## Data segment
-- Opening Marker --

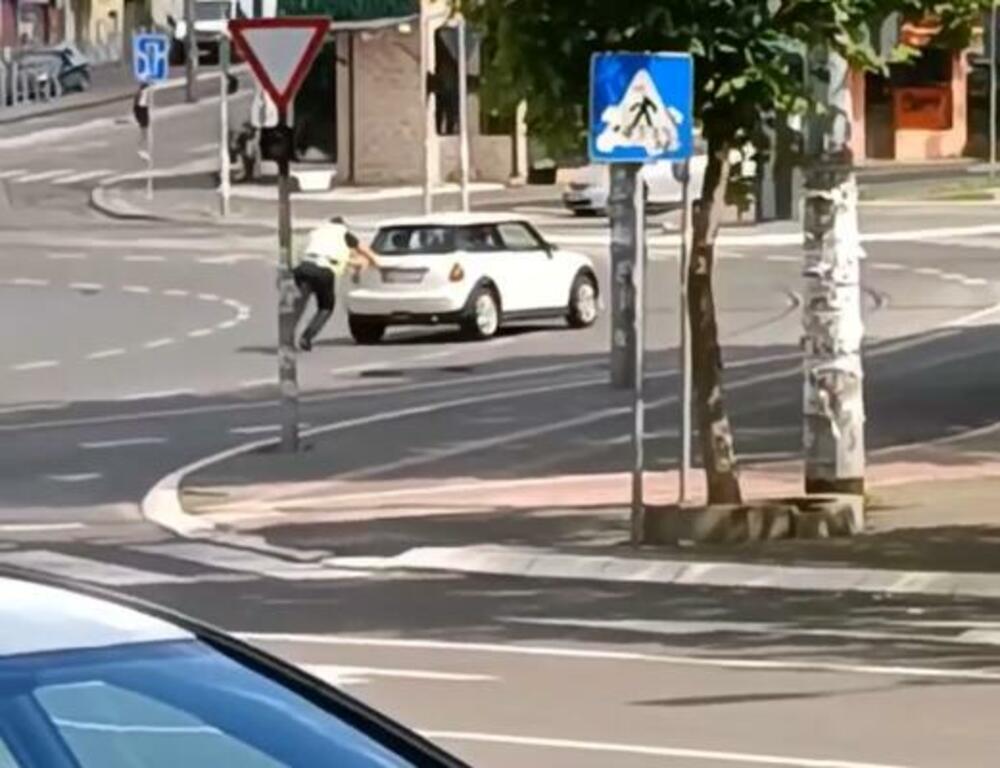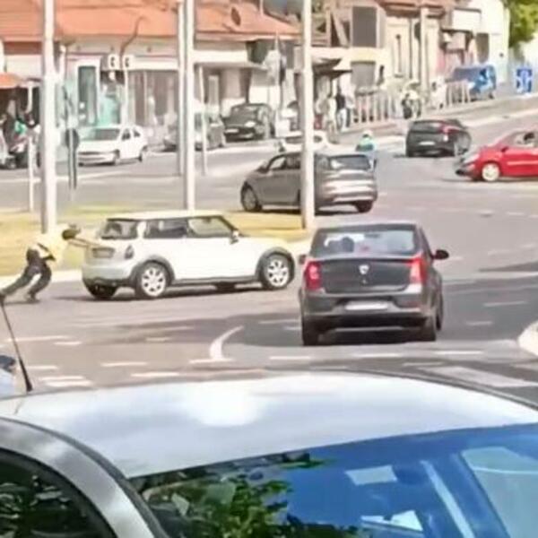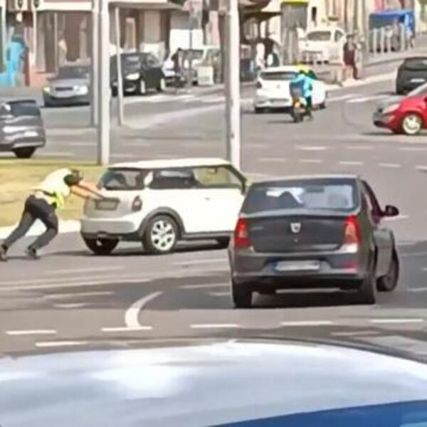 Naime, jednom vozaču auto se ugasio usred kružnog toka, nije mogao dalje, a u pomoć mu je priskočio saobraćajni policajac. On je sam gurao automobil sve dok nije upalio, a neko od prolaznika snimio je šta se događalo.
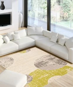 - Ivory/Green modern/contemporary abstract indoor area rug
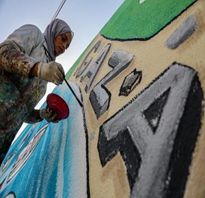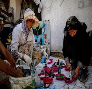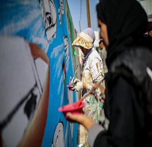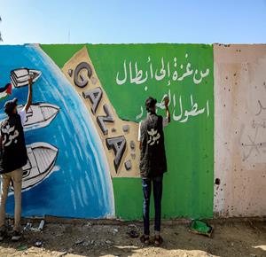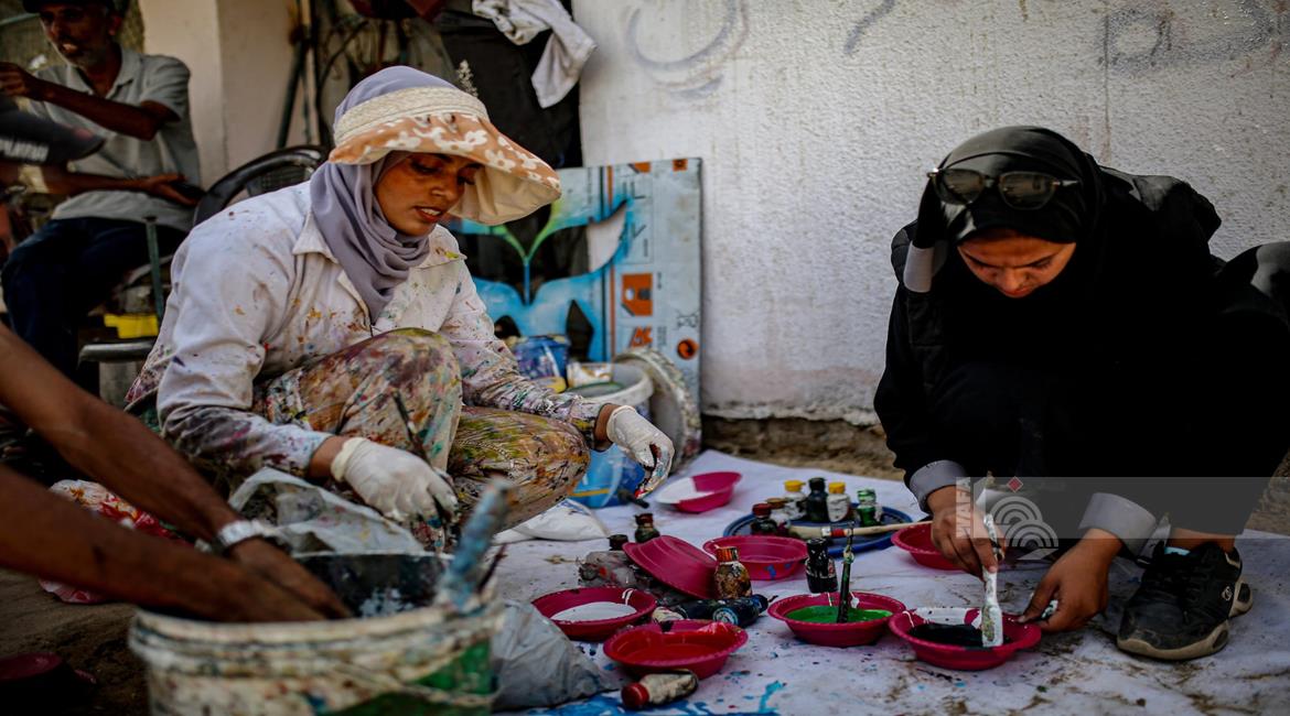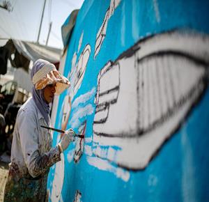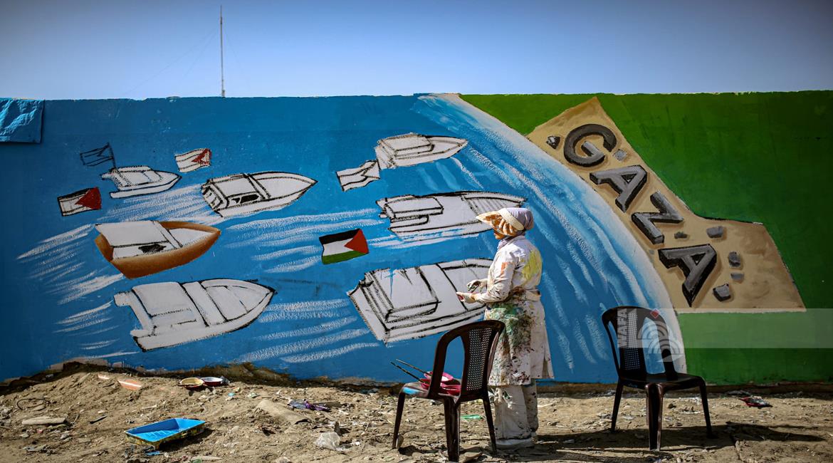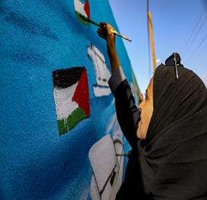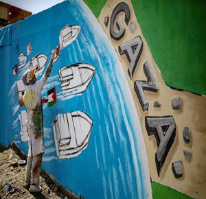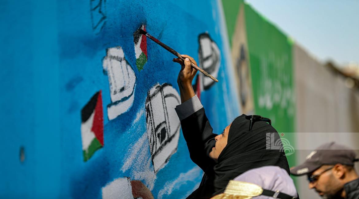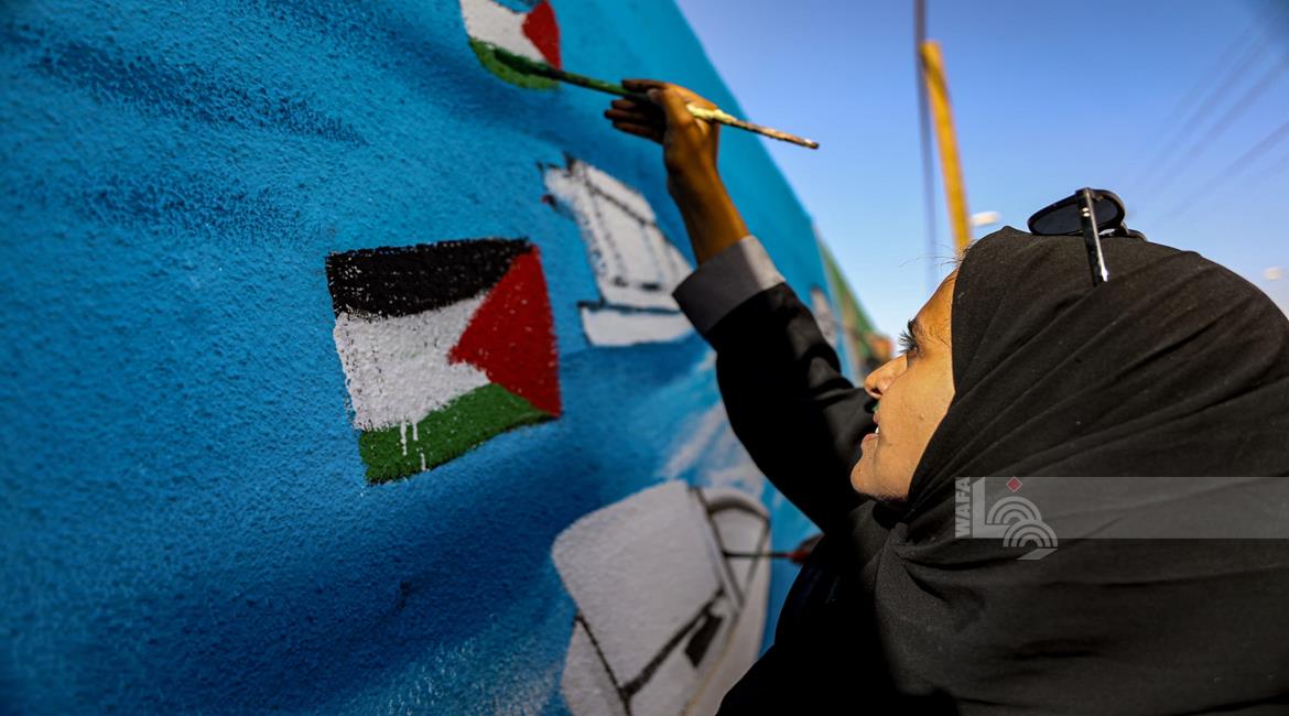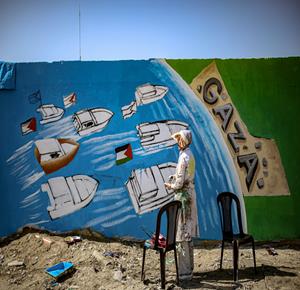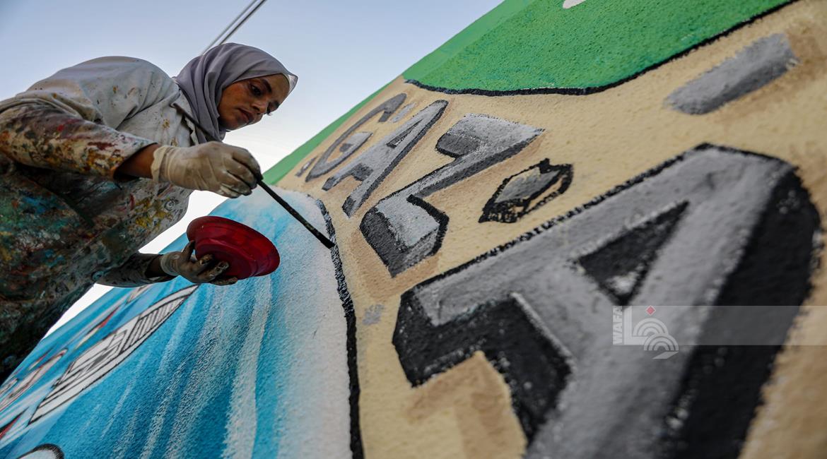 غزة - فنانون يرسمون جداريات في دير البلح ترحيبا بأسطول الصمود العالمي الذي منعه الاحتلال من الوصول إلى غزة

-- Closing Marker --

## Problem to work on
Give the data again exactly. Keep the images out.

## Written solution
 Naime, jednom vozaču auto se ugasio usred kružnog toka, nije mogao dalje, a u pomoć mu je priskočio saobraćajni policajac. On je sam gurao automobil sve dok nije upalio, a neko od prolaznika snimio je šta se događalo.
 - Ivory/Green modern/contemporary abstract indoor area rug
 غزة - فنانون يرسمون جداريات في دير البلح ترحيبا بأسطول الصمود العالمي الذي منعه الاحتلال من الوصول إلى غزة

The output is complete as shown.